🤖 AI Summary
Long convolutional sequence models (e.g., Hyena) suffer from O(L²) time complexity during inference, severely limiting scalability for long sequences.
Method: This paper proposes the first exact-inference framework achieving quasi-linear acceleration—reducing overall complexity to O(L log²L). The core innovation lies in uncovering inherent parallelism and computational reuse in the positional mixing module, enabling a synergistic design of block-wise computation and relaxed polynomial interpolation, further enhanced by memory locality optimization and inter-layer parallelization.
Contribution/Results: The framework is architecture-agnostic, requires no approximation or retraining, and delivers end-to-end speedups of up to 7.8× on Hyena, with the positional mixing module alone accelerated by up to 110×. This breakthrough significantly alleviates the inference efficiency bottleneck in long-sequence modeling while preserving numerical exactness.
📝 Abstract
While transformers have been at the core of most recent advancements in sequence generative models, their computational cost remains quadratic in sequence length.
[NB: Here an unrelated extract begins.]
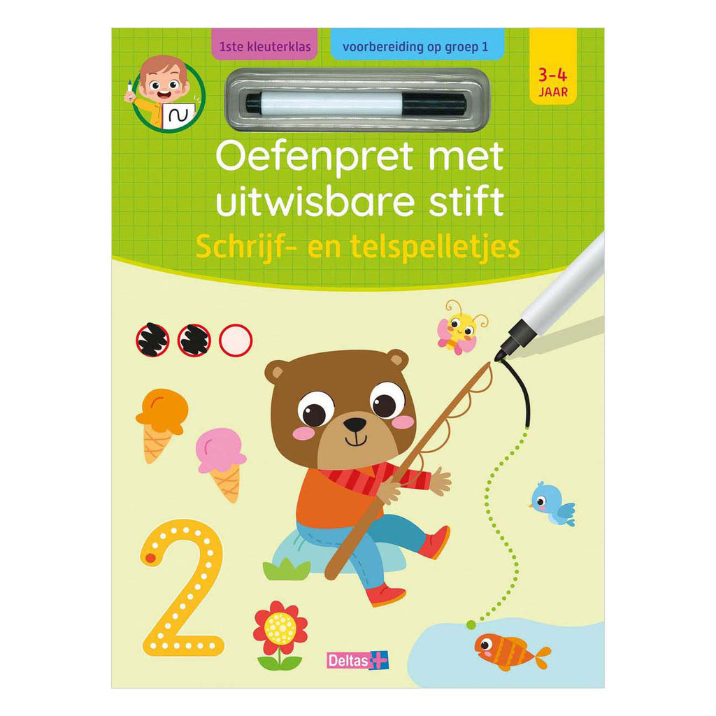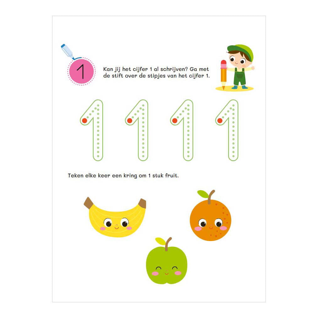 Met dit kleurrijke, uitwisbare oefenboek kan je kind naar hartenlust leren tellen en schrijven. Het bevat een heleboel leuke activiteiten om de schrijfvaardigheid te oefenen en de fijne motoriek te stimuleren. Bovendien staan er eenvoudige teloefeningen in om de cijfers en hoeveelheden tot 5 te leren kennen. Dankzij de uitwisbare stift kan je kind de pagina schoonvegen en de oefeningen steeds opnieuw maken.

Several subquadratic architectures have been proposed to address this computational issue. Some of them, including long convolution sequence models (LCSMs), such as Hyena, address this issue at training time but remain quadratic during inference. We propose a method for speeding up LCSMs'exact inference to quasilinear $O(Llog^2L)$ time, identify the key properties that make this possible, and propose a general framework that exploits these. Our approach, inspired by previous work on relaxed polynomial interpolation, is based on a tiling which helps decrease memory movement and share computation. It has the added benefit of allowing for almost complete parallelization across layers of the position-mixing part of the architecture. Empirically, we provide a proof of concept implementation for Hyena, which gets up to $7.8 imes$ end-to-end improvement over standard inference by improving $110 imes$ within the position-mixing part.